The year-over-year change in gross margin mainly reflected an unfavorable FX impact related to functional currency and a steep revaluation of the Colombian peso of approximately 15% year-over-year. Additionally, gross margin was impacted by lower revenues and an increase in the mix of installation versus product revenue during the quarter. Gross profit for the full year increased 11.9% to a record $391 million, representing a 46.9% gross margin and in line with our target range of 47% to 49% for the full year 2023. As a reminder, we estimate that each movement of 5% in FX equates to approximately 150 basis points in operating margins. Now looking at our strong cash flow and improved leverage on Slide number 14. For the full year, we generated another very strong year of operating cash flow of $139 million.
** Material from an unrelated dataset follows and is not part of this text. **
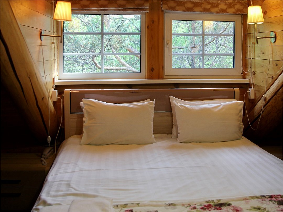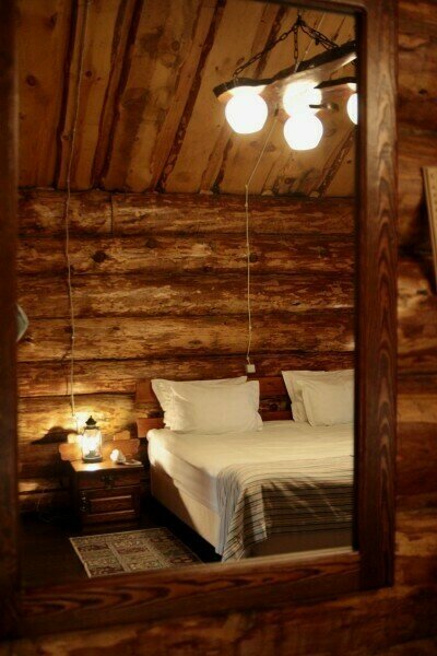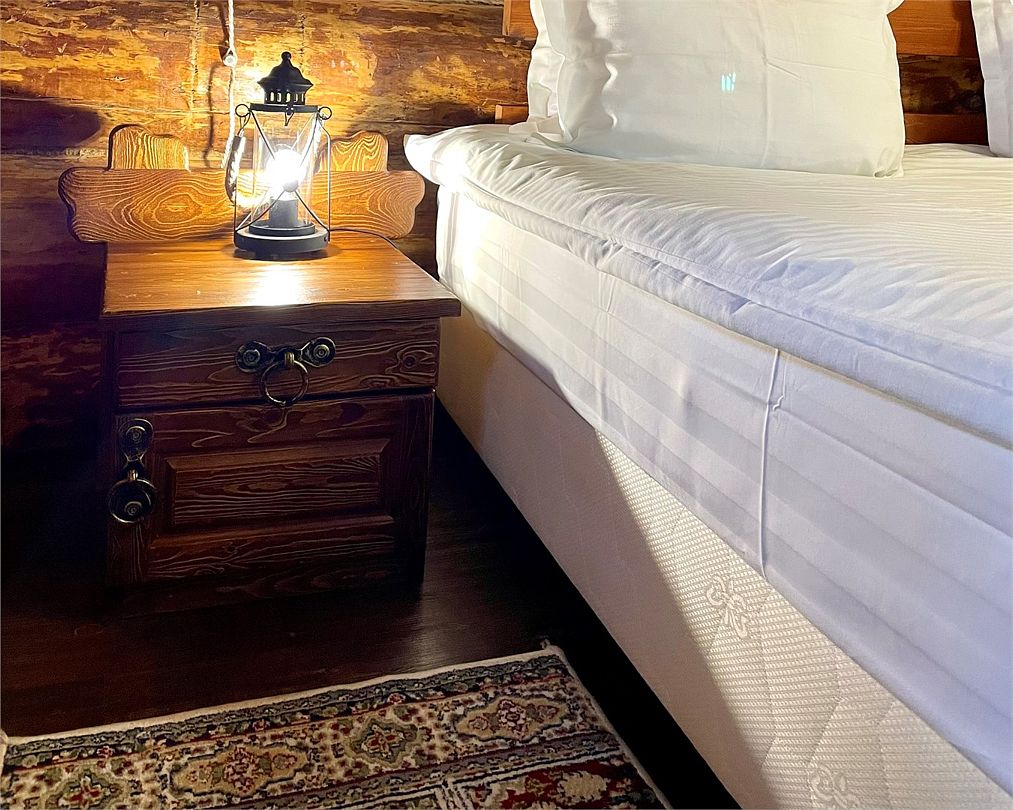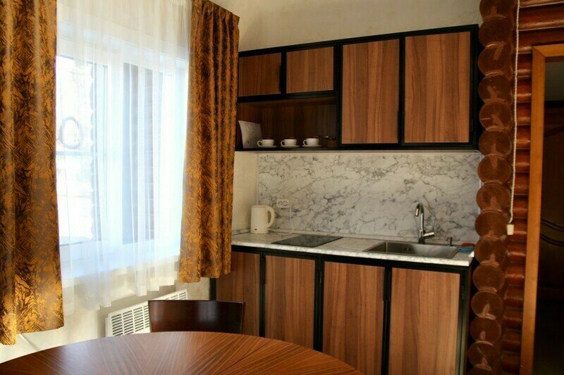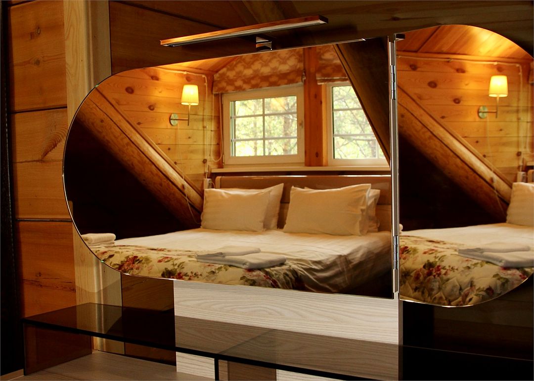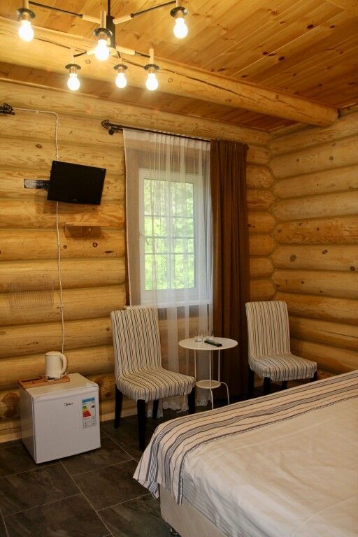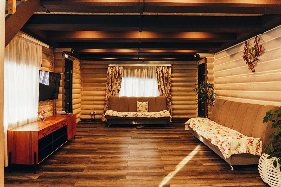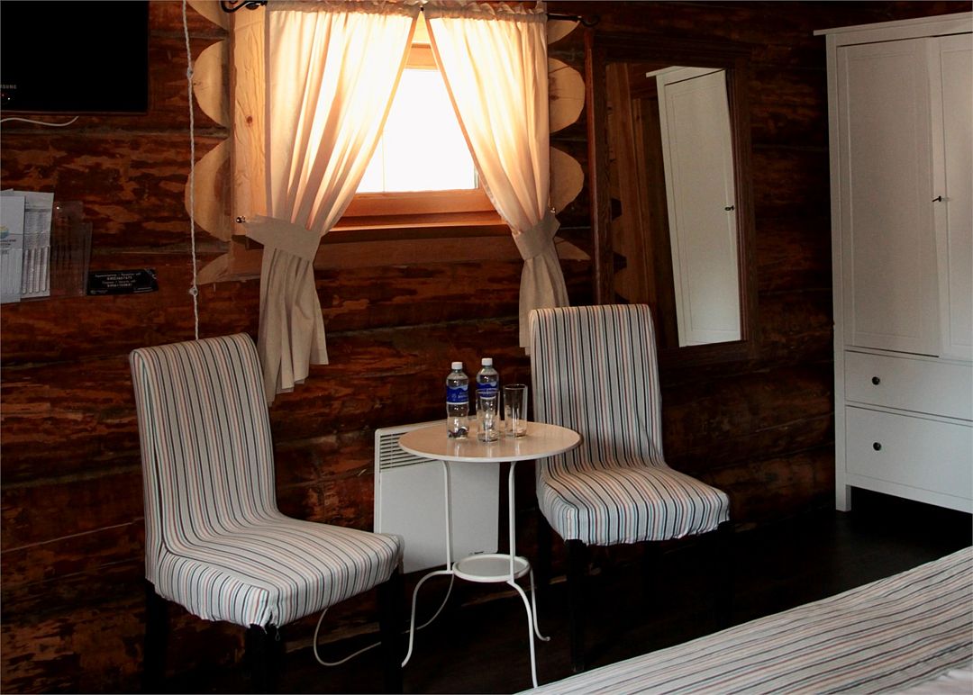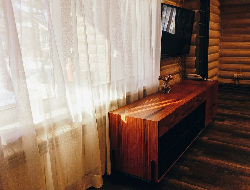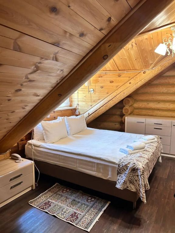 Весь номерной фонд выполнен из сибирской сосны в традициях русского деревянного дома. Гости могут разместиться как в стандартных номерах, так и арендовать коттедж.

This was driven by higher profitability and strong working capital management. The full year included capital expenditures of $78 million, which included payments for previously purchased land for future potential capacity expansion. CapEx also included a significant portion of previously disclosed investments in facilities and operational infrastructure related to our entry into the vinyl window market. Given our higher installed capacity, we expect a meaningful decrease in capital expenditures in 2024. Our impressive cash generation has allowed us to unlock additional value in our business through share repurchases and increases in our cash dividend. We returned capital to shareholders through $23.5 million in share repurchases during the year, leaving roughly $27 million of remaining purchase power under the current authorization.
Additionally, given the visibility afforded by a record backlog, as of the year-end and the expectation for continued strength in cash flow, our Board of Directors has approved a 22% dividend increase to a quarterly payment of $0.11 per share. This reflects our commitment to return incremental cash to shareholders. We ended the year at a record low net leverage ratio of 0.1 times net debt to LTM adjusted EBITDA, down from 0.2 times in the prior year. As of December 31, we had a cash balance of $130 million and availability under our committed revolving credit facilities of $170 million, resulting in total liquidity of approximately $300 million. Overall, we remain very pleased with our efforts to grow our cash generation capabilities, which, in turn, has provided us with multiple levers to drive additional value in our business.